Directions: Output the data below only from the line containing "天然わらびを大切に管理し栽培" up to and including the line containing "Una potente idropulitrice", exact and with the pictures left out.

Supplied material:
★ ★ ★ ★ ★ ★ ★

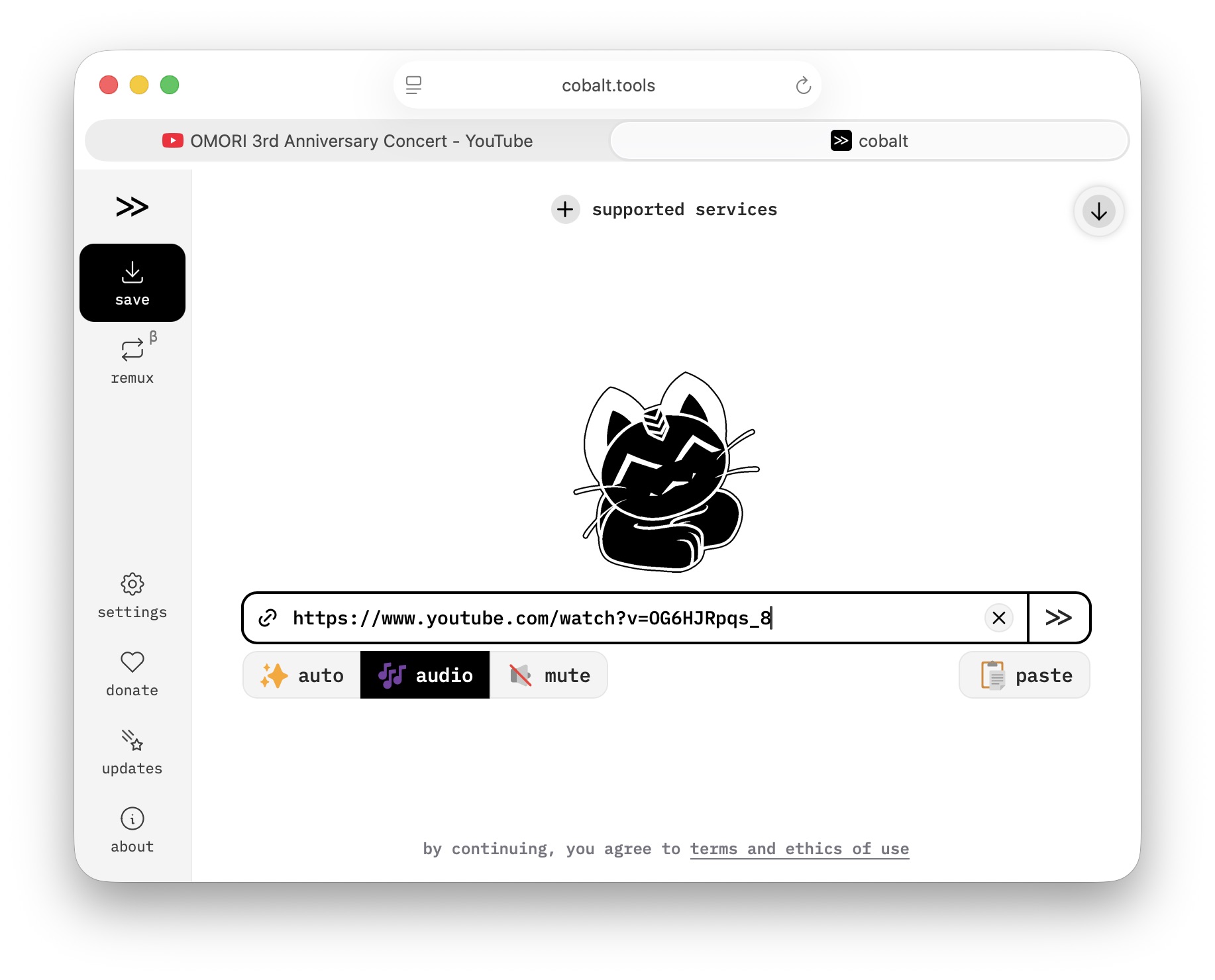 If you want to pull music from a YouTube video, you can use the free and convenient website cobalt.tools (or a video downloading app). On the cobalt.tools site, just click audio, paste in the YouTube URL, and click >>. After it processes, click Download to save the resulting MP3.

★ ★ ★ ★ ★ ★ ★

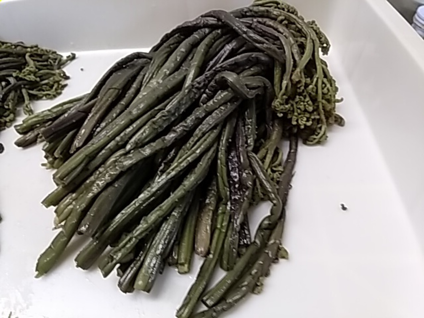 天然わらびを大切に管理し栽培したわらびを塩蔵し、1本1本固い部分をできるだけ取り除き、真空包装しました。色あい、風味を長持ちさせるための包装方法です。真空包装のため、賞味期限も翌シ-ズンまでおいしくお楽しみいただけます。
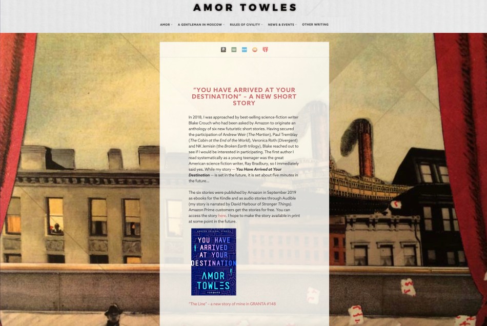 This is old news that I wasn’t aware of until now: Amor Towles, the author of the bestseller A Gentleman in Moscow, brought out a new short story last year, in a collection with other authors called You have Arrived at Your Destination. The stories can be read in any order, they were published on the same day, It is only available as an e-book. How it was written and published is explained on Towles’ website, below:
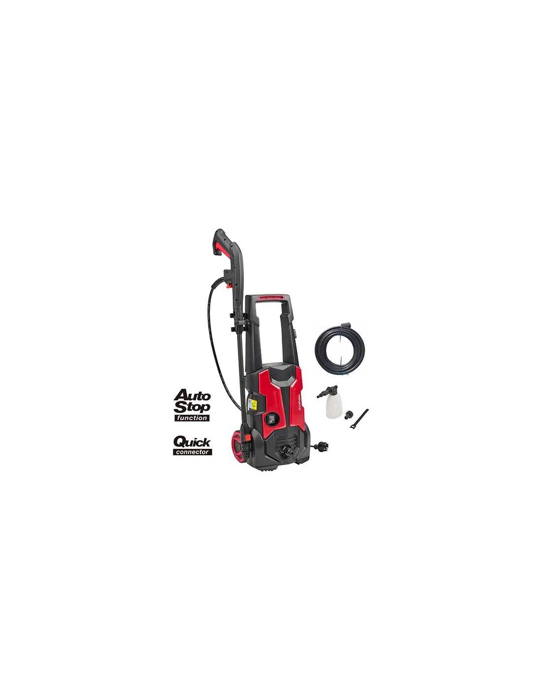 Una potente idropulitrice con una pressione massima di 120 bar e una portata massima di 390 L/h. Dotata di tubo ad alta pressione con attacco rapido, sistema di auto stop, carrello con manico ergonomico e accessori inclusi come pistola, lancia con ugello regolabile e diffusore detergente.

★ ★ ★ ★ ★ ★ ★

Response for this exercise:
 天然わらびを大切に管理し栽培したわらびを塩蔵し、1本1本固い部分をできるだけ取り除き、真空包装しました。色あい、風味を長持ちさせるための包装方法です。真空包装のため、賞味期限も翌シ-ズンまでおいしくお楽しみいただけます。
 This is old news that I wasn’t aware of until now: Amor Towles, the author of the bestseller A Gentleman in Moscow, brought out a new short story last year, in a collection with other authors called You have Arrived at Your Destination. The stories can be read in any order, they were published on the same day, It is only available as an e-book. How it was written and published is explained on Towles’ website, below:
 Una potente idropulitrice con una pressione massima di 120 bar e una portata massima di 390 L/h. Dotata di tubo ad alta pressione con attacco rapido, sistema di auto stop, carrello con manico ergonomico e accessori inclusi come pistola, lancia con ugello regolabile e diffusore detergente.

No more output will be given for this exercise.